« La pose de l’enfant, s’il vous plaît. »
Il y a des années, j’ai suivi un cours de yoga presque quotidiennement dans un studio d’East Village où chaque pratique commençait par ces trois mots. Peu importe la séquence à venir, la composition des personnes dans la salle, ou le professeur dirigeant, cette pose servait de point d’ancrage. Les New-Yorkais ont suivi, laissant tomber leurs corps et ramenant leurs genoux au sol, les hanches aux talons et le front au tapis. La descente en Balasana (Child’s Pose) dans une chambre de citadins occupés de type A dans une ville qui « ne dort jamais » était souvent dramatique : des exhalaisons frôlant les gémissements, le son même des gens qui relâchent leur stress.
Quinze ans plus tard, la pandémie frappe, les studios ferment et le stress monte en flèche. La pose que j’ai le plus souvent prise entre les cours Zoom était la pose courbée sur mon téléphone-doom-scrolling, c’est là que j’ai commencé à remarquer des mèmes Child’s Pose partout sur mes flux de médias sociaux.
Dans l’un, un yogi illustré commence une pratique de Tadasana (Mountain Pose), avant de se diriger rapidement vers son tapis et de rester dans Child’s Pose. Le slogan ? « Yoga pandémique ».
Dans un autre, une femme s’est laissée tomber par terre au milieu de ce qui semble être une épicerie, le texte disant : « Mon professeur de yoga m’a dit de prendre Child’s Pose chaque fois que j’en avais besoin. » Je les ai tous aimés en riant. Au plus fort du confinement, faisant le plein de papier toilette dans une épicerie de Brooklyn, j’ai vraiment été tenté de tomber à genoux et de trouver un endroit frais pour mon front sur le linoléum. C’est vrai : dans les cours de yoga, les professeurs nous invitent souvent à faire la posture de l’enfant lorsque nous avons besoin de faire une pause. Tout le monde n’en avait-il pas besoin maintenant ?
Encore plus d’un an plus tard, Le new yorker a reconnu l’attrait durable de Child’s Pose avec un dessin animé dans lequel une femme est surveillée par son partenaire inquiet (paniqué?!). « Vous êtes dans Child’s Pose depuis près de trois semaines », dit-il. « Je vérifie juste que tout va bien… »
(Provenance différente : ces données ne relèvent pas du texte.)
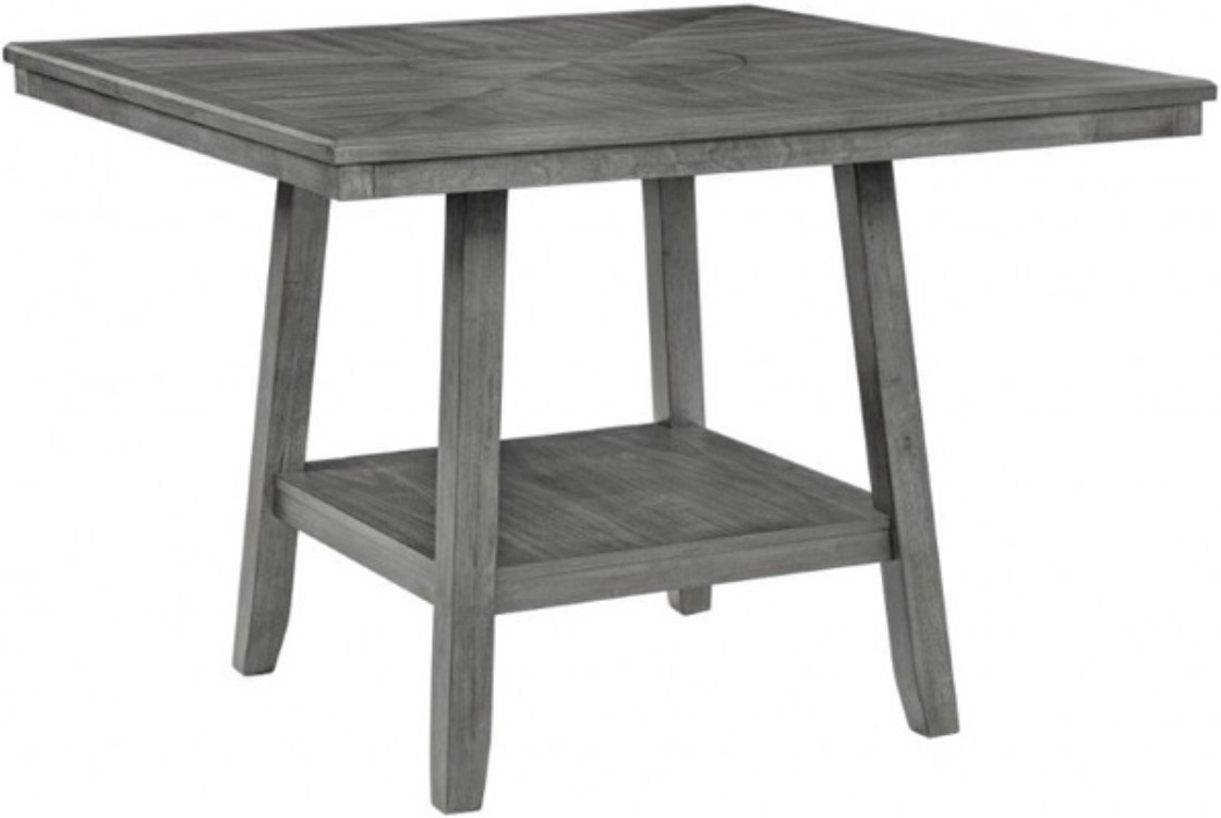This pub counter height table features a sleek gray finish with a distressed look, offering a modern yet rustic feel. The sturdy design provides both style and function, making it a great centerpiece for casual dining or gathering spaces.Read More

Est-ce la saison de Child’s Pose ? Et qu’est-ce qui évoque exactement l’effet apaisant que tant d’entre nous ressentent dans la posture ?
L’anatomie de la détente
Dans cette forme simple, on se sent se détendre. Le Dr Lori Rubenstein Fazzio, professeur clinique de yoga et de santé au programme de maîtrise ès arts en études de yoga de l’Université Loyola Marymount, explique que la pose étire les muscles et les fascias le long de l’arrière du corps, les endroits exacts qui se tendent lorsque nous devenons stressés. « Child’s Pose libère ces muscles, faisant passer le corps d’une réponse de stress sympathique à une réponse de relaxation parasympathique », a-t-elle expliqué.
Cela avait du sens pour moi. Dans Child’s Pose, j’ai ressenti un étirement littéral le long de l’arrière du cœur, un élargissement des omoplates, une libération physique de la tension. Ceci est souvent suivi d’un bain de calme éventuel.
« De plus », a ajouté le Dr Rubenstein Fazzio, « le fait de reposer le front sur le sol stimule le réflexe oculocardiaque (OCR), alias le réflexe d’Aschner. Cela fait baisser le rythme cardiaque et procure une sensation relaxante. J’ai pensé à mon troisième œil, le centre du front, posé sur la natte. C’est comme si cette posture appuyait sur la zone comme un bouton, permettant à la machine de mon esprit de tourbillonner vers une immobilité dans laquelle les états mentaux ou émotionnels bancaux trouvaient une certaine stabilité.
La pose de l’enfant, par essence, facilite Pratyahara, le cinquième des huit membres du yoga, selon la tradition. Pratyahara, qui se traduit par « retrait des sens », est ici matérialisé. Nous nous tournons vers l’intérieur. Là, nous pouvons explorer notre monde intérieur. Comment allons nous?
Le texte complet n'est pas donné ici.